Owens Corning

National Gardening Association Cool Cucumbers

By Warren Schultz

If you're on schedule, your seed orders arrived long ago; your garden is all planned, and maybe mostly planted. But hold on a minute. If you like cucumbers and have the least little bit of space left, you owe it to yourself to try the new Beit Alpha (or Middle Eastern) variety, Saria. Don't let the high price of the seed put you off ($3.60 for a package that will give you eight plants). These cucumbers are worth every penny. Pardon the unabashed (and unsolicitited) endorsement, but this variety represents a giant step for cukedom. The skin is smooth and shiny. The flesh is white and crisp. The seeds, if there are any at all, are thin, opaque and fleshy. And the taste! Absolutley, positively never bitter. It's sweet. It's cool. There's almost a hint of watermelon to it. I dare say you could slip this cucumber into a fruit salad.

Hurry and you can still experience the sweetness of Saria this season. Because the plants are not quite as vigorous as many American hybrids you will want to baby them a little bit. It's best to grow them for a couple of weeks indoors so that they have a good start.

While you're waiting for your seed to arrive, try to find some Jiffy-7s. These compressed peat disks, which expand when watered, make perfect cucumber cradles. Sow two or three seeds per pot, cover with vermiculite and mist them gently with water. The plants should begin to pop up within a few days. After two weeks under lights or in a sunny window, they'll be ready for transplanting outside.

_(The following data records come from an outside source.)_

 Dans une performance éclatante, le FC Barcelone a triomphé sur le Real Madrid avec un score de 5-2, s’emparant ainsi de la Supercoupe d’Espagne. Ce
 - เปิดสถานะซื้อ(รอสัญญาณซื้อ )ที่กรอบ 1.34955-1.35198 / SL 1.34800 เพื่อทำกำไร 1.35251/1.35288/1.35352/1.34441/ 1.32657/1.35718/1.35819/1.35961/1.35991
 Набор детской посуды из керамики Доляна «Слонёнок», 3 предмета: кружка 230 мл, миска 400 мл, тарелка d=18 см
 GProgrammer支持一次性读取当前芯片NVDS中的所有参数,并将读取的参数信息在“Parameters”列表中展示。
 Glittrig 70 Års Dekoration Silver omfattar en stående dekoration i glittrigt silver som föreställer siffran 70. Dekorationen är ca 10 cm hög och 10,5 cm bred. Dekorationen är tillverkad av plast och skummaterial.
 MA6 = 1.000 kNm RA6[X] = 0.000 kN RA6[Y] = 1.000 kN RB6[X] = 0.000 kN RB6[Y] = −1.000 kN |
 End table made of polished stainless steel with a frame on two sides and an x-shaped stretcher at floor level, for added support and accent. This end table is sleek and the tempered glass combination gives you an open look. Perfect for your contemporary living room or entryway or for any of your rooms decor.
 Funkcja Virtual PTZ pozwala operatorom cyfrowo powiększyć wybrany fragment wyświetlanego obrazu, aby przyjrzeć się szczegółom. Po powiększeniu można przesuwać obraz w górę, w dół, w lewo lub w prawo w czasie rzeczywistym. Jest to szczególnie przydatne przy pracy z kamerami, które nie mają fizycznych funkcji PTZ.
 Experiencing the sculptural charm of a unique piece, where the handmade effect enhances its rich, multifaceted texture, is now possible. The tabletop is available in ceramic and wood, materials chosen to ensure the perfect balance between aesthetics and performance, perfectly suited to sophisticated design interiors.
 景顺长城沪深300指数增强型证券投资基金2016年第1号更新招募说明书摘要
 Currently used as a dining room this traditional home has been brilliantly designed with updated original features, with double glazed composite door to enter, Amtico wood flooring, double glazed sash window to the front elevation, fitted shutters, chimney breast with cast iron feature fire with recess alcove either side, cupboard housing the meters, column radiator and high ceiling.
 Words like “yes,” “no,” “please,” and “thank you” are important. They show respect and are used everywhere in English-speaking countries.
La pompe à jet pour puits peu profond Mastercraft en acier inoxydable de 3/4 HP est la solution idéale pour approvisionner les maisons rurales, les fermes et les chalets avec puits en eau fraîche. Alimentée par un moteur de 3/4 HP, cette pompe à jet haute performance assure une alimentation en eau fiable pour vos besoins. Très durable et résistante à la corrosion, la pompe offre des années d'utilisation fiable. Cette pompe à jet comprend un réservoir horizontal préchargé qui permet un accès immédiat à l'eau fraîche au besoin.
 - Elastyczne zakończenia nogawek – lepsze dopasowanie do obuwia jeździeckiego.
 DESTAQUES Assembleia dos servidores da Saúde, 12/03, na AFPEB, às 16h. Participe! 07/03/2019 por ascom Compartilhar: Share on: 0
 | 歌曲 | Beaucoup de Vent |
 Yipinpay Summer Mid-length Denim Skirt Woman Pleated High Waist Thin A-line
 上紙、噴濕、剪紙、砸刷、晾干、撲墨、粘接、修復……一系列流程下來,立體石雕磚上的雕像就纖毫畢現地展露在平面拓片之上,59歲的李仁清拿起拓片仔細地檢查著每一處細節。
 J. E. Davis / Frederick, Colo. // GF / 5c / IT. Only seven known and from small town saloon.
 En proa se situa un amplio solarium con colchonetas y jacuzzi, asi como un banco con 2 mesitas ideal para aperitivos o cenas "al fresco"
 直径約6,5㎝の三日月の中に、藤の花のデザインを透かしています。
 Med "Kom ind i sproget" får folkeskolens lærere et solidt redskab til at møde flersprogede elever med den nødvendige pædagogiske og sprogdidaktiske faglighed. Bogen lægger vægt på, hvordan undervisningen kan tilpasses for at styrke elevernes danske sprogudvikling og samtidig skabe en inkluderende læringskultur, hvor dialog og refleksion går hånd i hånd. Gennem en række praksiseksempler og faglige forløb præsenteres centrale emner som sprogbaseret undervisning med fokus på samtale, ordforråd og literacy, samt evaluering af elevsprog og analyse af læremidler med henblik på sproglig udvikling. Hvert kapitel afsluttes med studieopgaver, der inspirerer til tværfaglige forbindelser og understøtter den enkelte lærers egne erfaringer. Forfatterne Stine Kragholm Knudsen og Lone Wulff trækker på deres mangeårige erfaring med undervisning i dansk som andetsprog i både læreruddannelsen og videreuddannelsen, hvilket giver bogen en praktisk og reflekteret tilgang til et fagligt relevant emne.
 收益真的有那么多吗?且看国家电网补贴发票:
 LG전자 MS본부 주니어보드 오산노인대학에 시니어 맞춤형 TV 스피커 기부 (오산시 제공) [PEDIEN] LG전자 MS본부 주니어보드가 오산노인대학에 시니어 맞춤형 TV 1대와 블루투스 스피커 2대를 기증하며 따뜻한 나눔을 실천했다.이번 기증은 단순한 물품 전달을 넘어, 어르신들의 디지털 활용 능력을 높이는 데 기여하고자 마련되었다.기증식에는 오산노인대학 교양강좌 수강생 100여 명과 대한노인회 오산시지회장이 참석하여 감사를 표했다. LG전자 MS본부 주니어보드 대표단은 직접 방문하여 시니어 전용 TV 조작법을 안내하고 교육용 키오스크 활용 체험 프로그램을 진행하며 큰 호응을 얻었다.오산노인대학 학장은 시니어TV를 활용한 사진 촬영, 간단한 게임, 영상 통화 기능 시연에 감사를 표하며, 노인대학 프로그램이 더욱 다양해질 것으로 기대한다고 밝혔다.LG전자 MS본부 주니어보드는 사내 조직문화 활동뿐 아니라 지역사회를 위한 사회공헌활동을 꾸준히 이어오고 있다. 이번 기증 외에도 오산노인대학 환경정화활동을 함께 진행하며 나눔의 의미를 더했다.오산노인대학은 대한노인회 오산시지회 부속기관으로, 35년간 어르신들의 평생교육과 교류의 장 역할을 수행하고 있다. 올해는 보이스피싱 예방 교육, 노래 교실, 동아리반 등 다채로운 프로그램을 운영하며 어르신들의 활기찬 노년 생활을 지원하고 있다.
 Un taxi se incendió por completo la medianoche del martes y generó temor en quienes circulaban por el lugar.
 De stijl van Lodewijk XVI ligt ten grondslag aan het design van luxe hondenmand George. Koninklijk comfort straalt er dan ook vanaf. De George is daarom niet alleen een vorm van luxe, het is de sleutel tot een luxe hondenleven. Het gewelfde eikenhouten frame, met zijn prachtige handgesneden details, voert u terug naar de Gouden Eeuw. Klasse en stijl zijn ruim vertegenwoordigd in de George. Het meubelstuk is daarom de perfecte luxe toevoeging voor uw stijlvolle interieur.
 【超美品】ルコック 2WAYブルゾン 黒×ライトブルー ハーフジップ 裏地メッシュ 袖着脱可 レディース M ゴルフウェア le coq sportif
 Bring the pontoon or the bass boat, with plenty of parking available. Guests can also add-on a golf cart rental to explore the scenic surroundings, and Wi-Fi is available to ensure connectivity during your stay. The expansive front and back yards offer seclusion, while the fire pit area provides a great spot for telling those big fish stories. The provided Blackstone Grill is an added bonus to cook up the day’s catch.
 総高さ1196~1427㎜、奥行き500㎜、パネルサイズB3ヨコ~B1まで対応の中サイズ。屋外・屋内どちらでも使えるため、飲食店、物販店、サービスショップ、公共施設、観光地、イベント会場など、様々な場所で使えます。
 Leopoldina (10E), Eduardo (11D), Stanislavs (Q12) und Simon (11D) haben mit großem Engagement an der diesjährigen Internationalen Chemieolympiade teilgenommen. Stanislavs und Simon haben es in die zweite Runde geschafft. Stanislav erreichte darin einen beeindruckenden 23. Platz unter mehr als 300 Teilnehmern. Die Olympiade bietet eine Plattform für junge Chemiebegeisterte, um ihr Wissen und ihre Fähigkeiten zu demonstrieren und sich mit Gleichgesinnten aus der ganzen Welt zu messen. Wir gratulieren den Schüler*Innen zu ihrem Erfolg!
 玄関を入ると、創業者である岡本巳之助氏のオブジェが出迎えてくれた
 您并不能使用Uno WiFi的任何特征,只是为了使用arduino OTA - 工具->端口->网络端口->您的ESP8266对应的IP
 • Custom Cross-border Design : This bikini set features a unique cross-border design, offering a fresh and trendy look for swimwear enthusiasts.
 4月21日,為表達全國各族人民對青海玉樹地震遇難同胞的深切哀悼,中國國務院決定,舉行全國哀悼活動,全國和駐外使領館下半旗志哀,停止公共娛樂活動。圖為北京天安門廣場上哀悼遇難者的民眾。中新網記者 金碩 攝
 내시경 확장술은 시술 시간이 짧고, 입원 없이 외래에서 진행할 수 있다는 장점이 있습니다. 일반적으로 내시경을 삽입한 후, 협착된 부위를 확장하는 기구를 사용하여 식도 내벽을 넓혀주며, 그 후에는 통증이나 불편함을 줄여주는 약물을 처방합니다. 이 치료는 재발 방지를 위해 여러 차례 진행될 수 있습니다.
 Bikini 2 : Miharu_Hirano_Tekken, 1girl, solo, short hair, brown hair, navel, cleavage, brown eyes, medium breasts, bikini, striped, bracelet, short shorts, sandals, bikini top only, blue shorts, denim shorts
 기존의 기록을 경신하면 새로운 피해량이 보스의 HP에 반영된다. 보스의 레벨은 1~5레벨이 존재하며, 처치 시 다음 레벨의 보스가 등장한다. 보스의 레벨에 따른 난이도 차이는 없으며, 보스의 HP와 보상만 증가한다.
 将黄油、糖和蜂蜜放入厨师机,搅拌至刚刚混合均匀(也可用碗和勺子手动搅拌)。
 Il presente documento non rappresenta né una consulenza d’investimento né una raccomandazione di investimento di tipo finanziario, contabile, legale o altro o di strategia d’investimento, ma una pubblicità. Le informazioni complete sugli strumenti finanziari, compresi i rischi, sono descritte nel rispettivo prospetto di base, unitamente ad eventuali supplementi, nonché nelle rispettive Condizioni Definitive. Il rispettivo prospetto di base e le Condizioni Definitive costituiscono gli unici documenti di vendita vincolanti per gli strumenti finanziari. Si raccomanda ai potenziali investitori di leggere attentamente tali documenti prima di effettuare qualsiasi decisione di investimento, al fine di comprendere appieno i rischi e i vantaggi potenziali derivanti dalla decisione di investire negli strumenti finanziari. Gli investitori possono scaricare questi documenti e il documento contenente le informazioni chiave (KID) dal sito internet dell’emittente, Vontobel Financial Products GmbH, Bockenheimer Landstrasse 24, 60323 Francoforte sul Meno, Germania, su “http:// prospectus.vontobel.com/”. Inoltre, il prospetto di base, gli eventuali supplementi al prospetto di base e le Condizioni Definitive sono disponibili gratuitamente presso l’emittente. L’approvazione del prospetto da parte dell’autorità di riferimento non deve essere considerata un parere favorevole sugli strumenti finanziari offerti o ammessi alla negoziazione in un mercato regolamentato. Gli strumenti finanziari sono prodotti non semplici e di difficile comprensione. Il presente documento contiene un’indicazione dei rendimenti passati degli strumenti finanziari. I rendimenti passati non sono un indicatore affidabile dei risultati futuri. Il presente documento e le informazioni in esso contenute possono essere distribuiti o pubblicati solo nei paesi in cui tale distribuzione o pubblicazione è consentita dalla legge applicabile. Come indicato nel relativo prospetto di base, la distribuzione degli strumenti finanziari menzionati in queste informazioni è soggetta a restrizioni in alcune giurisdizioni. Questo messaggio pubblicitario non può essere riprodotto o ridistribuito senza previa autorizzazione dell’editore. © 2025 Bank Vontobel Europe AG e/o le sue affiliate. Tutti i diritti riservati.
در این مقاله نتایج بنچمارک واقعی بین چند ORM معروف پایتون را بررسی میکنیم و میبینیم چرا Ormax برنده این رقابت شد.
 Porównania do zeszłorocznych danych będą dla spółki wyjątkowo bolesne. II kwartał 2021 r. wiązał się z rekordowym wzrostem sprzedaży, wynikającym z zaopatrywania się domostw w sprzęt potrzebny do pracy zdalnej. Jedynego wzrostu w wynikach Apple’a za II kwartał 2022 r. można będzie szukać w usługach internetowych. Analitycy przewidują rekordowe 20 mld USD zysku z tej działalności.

Once they're out of the house I treat them pretty much like any other cucumber. Cukes need good fertile soil, room to roam, either hortizontally or vertically, and protection from their dreaded enemy, the cucke beeetle (of either the striped or spotted persuasion). For a 3' x 20' bed I spread a bushel of aged manure or a quart of dried poultry manure before planting. After about a month, when the rampant vine growth begins to slow, I scratch some more dried poultry manure (about a handfull per plant) into the soil or drench them with fish emulsion every three weeks.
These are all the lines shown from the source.